Germany recently gave Navalny’s interrogation protocols to the Russian government, after which a German justice ministry spokesman said Moscow had all of the necessary information to carry out a criminal investigation into the poisoning, including blood, clothing and tissue samples, Deutsche Welle reported.
Meanwhile, media reports suggest Russian authorities directed the attempted assassination.
First, an investigation jointly conducted by UK-based investigative website Bellingcat and Russia’s investigative website The Insider, in cooperation with Germany’s Der Spiegel and CNN, revealed links to Russia’s security services.
That investigation uncovered telephone metadata and call records linking would-be FSB assassins to employees of Russian institutes involved in Soviet-era nerve-agent programs.
Information gleaned from passenger manifests helped Bellingcat determine that FSB operatives from a clandestine unit specializing in work with poisonous substances traveled alongside Navalny to Tomsk, where the opposition leader was exposed to Novichok on August 19. Mobile phone data bots placed the mobile device of one FSB operative within the range of a tower not far from the hotel where Navalny was staying on the day he was poisoned.
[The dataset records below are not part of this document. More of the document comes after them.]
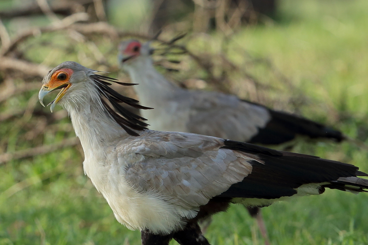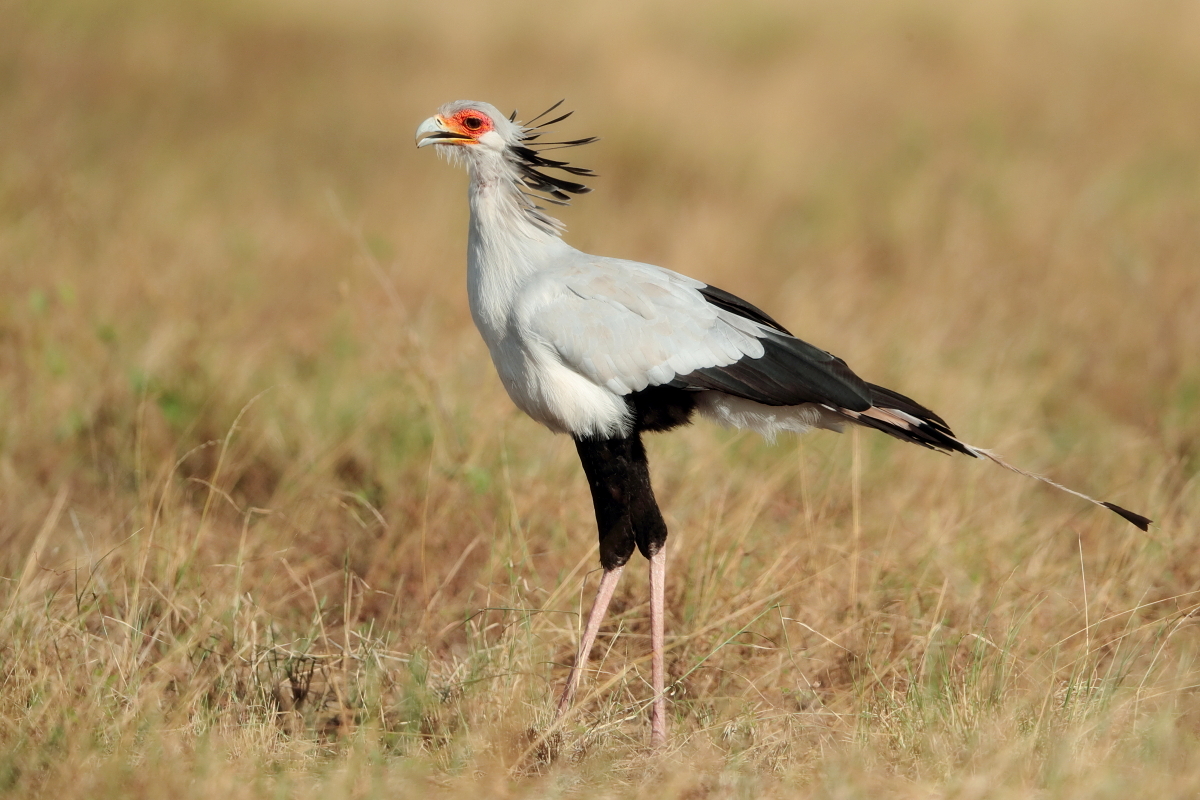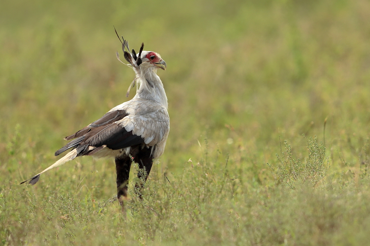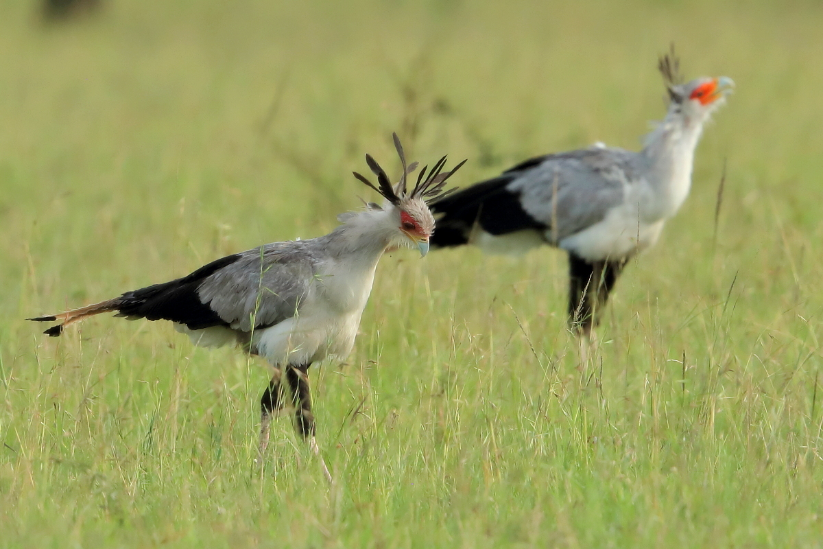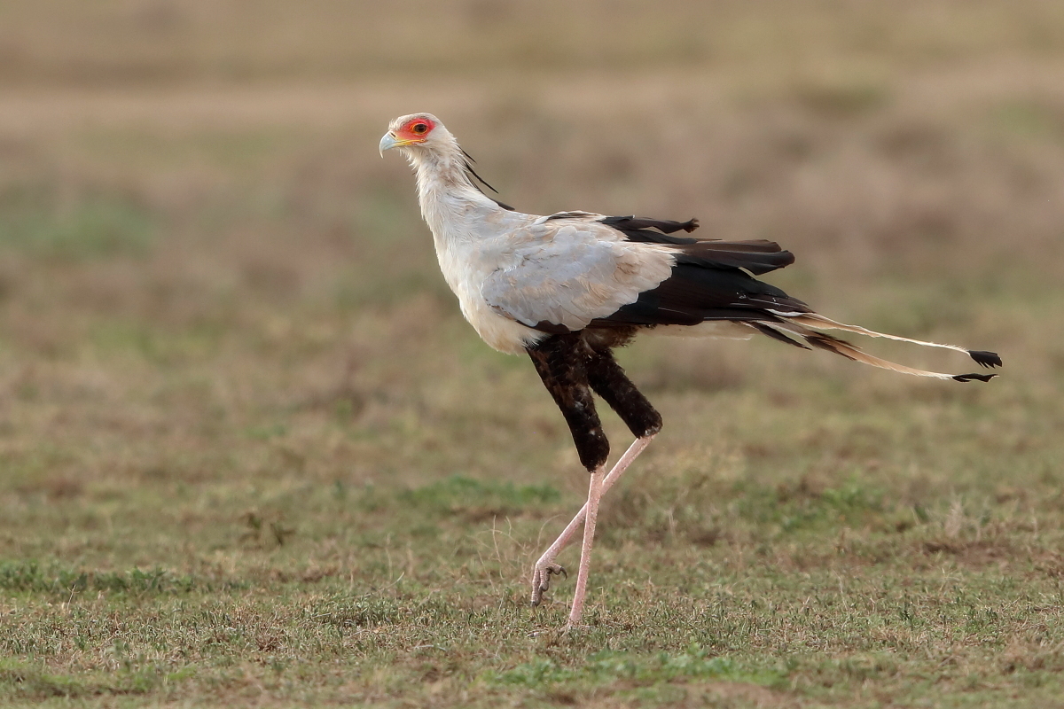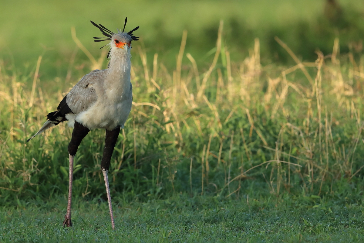 For a long time my head was occupied with the desire to have my own secretary bird's gallery. In South Africa we were already close to a nest, but it later turned out to be abandoned by a pair of secretary birds. The secretary bird is a great individualist among the birds, maybe this is the reason for such fascination, the desire to have my own gallery of the bird, like with another great individualist - the bearded vulture. Secretary birds are found only in Africa, south to the Sahara, in flat, grassy, savanna areas. The bird traverses the savannah like a stroller, occasionally hitting with its foot to scare away insects. This is a specific way of hunting, but it can also preys on lizards and snakes. Stilted legs are especially helpful when looking for food in high grass. As a rule we saw two hunting secretary birds in a short distance one from another. I do not know whether it was a matter of family ties or simply it was a more effective way of hunting for them, and maybe a more secure one?
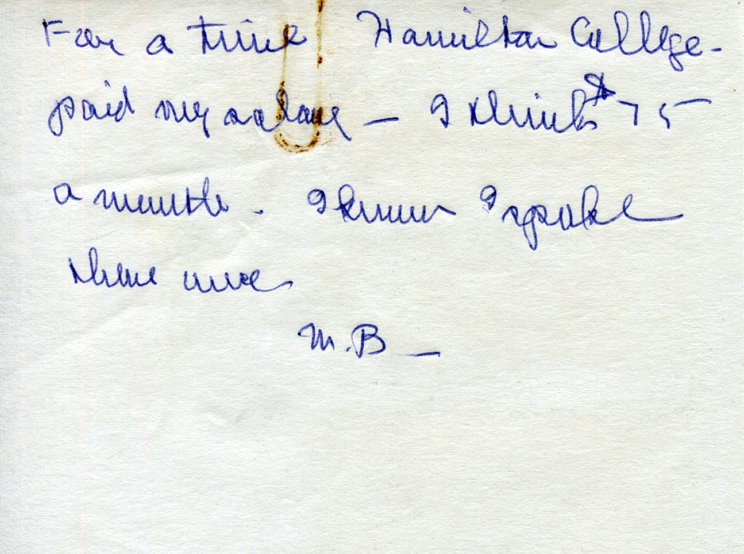 MBB Note — “For a time Hamilton College paid my salary. I think $75 a month. I know I spoke there once. M.B.” [image 029]
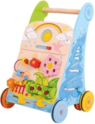 Robustna lesena konstrukcija, zanesljiv ročaj in barvita kolesa podpirajo varen in samozavesten korak malčkov.
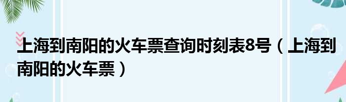 大家好,今天小六子来为大家解答以下的问题,关于上海到南阳的火车票查询时刻表8号,上海到南阳的火车票这个很多人还不知道,现在让我们一起来看看吧!
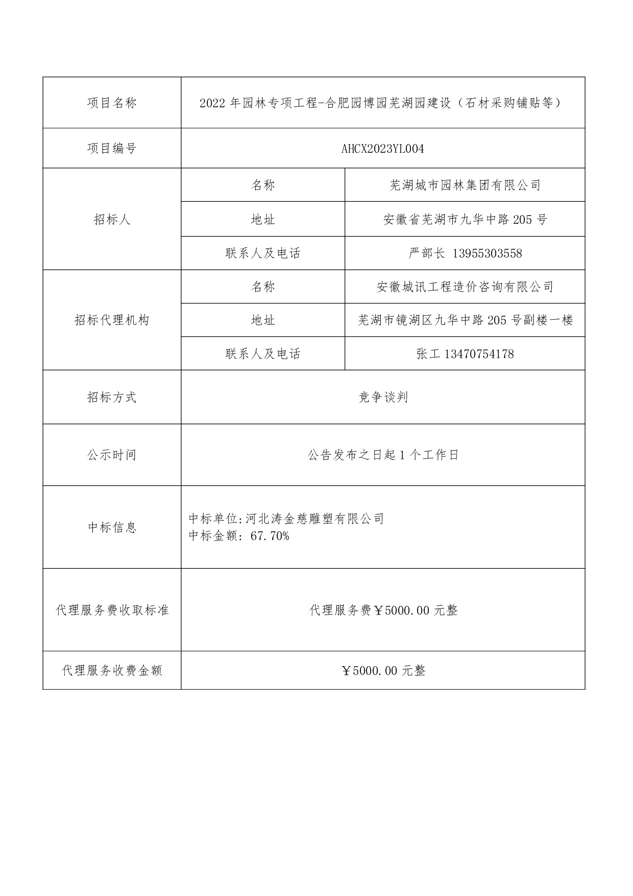 2022年園林專項工程-合肥園博園蕪湖園建設(石材采購鋪貼等)中標結(jié)果公

The investigative team determined that members of that same FSB unit had traveled alongside Navalny on more than 30 overlapping flights since 2017.
On December 21, Bellingcat released a video recording of a phone call in which Navalny posed as “Maxim Ustinov,” a fictional aide to Russian Security Council Secretary Nikolai Patrushev. Navalny called to a mobile phone listed as belonging to FSB operative Konstantin Kudryavtsev. Bellingcat’s investigation named Kudryavtsev as a member of the FSB squad tasked with poisoning Navalny and cleaning up the evidence.
Kudryavtsev answered Navalny’s questions, demonstrating what appeared to be inside knowledge of the poisoning operation. Apart from confirming key details of Bellingcat’s investigation, Kudryavtsev said that the chemical agent Novichok used in the operation had been applied to a pair of Navalny's underwear. Kudryavtsev said that his task was to clean traces of the substance from Navalny’s belongings.
Meanwhile, Lavrov compared the Navalny case to the poisonings of Alexander Litvinenko, and of Sergei Skripal and his daughter Yulia, likewise alleging “zero facts” had been provided to Russia.
Litvinenko a former KGB and FSB officer, died of radiation poisoning in Britain in 2006. A British public inquiry found that his murder was an FSB operation “probably” approved by Russian President Vladimir Putin.
The Skirpals were hospitalized in critical condition after being exposed to a Novichok variant. In the Skripal case, two British citizens unconnected to the Skripals were also poisoned. One of them, Dawn Sturgess, died as a result.
British and independent investigations identified three likely suspects, all Russian nationals believed to be military intelligence officers. As with Navalny’s case, Russia officially denied any involvement and spun out multiple other explanations.